2. The transurethral light-activated drug therapy system of claim 1 wherein the window comprises embedded light scattering elements.

3. The transurethral light-activated drug therapy system of claim 2 wherein the array of LEDs is configured to provide from approximately 5 mW to 55 mW per centimeter of array length.

4. The transurethral light-activated drug therapy system of claim 1 wherein the array of LEDs or LOs is fixed at a selected location within the catheter during treatment.

5. The transurethral light-activated drug therapy system of claim 1, further comprising a fixation device at the distal end of the catheter, wherein the fixation device is sized to be inserted into the bladder of the male animal in a delivery configuration.

6. The transurethral light-activated drug therapy system of claim 5, wherein the fixation device comprises a balloon for releasably retaining the catheter in the urethra of the patient during treatment.

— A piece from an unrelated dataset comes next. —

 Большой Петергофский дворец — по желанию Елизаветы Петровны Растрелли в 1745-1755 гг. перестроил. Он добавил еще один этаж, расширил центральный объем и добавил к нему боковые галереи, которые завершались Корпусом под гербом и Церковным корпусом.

7. The transurethral light-activated drug therapy system of claim 5 wherein the fixation device is a balloon, umbrella, tines, and/or disk.

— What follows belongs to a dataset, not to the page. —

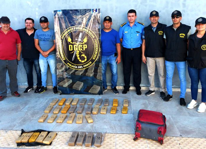 Locales | En horas de la siesta de este viernes, el personal dependiente de la Dirección General de Consumos Problemáticos logró incautar 35 panes de Marihuana que se encontraban dentro de una valija que personas desconocidas la dejaron dentro de un contenedor de basura en una maniobra encubierta para concretar una venta.

8. The transurethral light-activated drug therapy system of claim 5 wherein the fixation device is retractable.

9. The transurethral light-activated drug therapy system of claim 1, further comprising echogenic markings on the distal end of the catheter or on the light source or both.

10. The transurethral light-activated drug therapy system of claim 1, further comprising positioning indicia on the proximal end of the catheter.

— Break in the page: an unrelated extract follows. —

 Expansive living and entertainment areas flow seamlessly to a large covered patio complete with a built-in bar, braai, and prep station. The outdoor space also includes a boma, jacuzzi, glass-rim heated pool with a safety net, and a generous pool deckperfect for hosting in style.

11. The transurethral light-activated drug therapy system of claim 1, wherein light generator produces light energy in a range from 50 J/cm to 1000 J/cm.

12. The transurethral light-activated drug therapy system of claim 11, wherein light generator produces light energy of approximately 200 J/cm.

13. The transurethral light-activated drug therapy system of claim 1, wherein each of LEDs or LOs is introduced into a corresponding separate compartment.

14. The transurethral light-activated drug therapy system of claim 1, wherein each of LEDs or LOs is potted in a potting material that is electrically insulating and substantially optically transparent to light emitted from the light generator.